Directions - Set out exactly, line by line, the stretch of data below that begins at the line containing "Длина разложенного столика, мм | 1260 |" and ends at the line containing "Mondiaz KURVE-DLUX Ensemble", with both ends kept.

Provided material -
Content starts
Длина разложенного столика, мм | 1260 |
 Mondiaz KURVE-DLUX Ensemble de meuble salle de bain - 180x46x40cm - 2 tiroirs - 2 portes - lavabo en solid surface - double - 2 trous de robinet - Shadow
Content ends
Content starts
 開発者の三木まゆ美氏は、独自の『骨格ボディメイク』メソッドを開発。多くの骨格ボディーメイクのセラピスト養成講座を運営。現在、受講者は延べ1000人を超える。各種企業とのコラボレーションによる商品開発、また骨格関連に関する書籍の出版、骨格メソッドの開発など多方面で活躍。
Content ends
Task response -
Длина разложенного столика, мм | 1260 |
 Mondiaz KURVE-DLUX Ensemble de meuble salle de bain - 180x46x40cm - 2 tiroirs - 2 portes - lavabo en solid surface - double - 2 trous de robinet - Shadow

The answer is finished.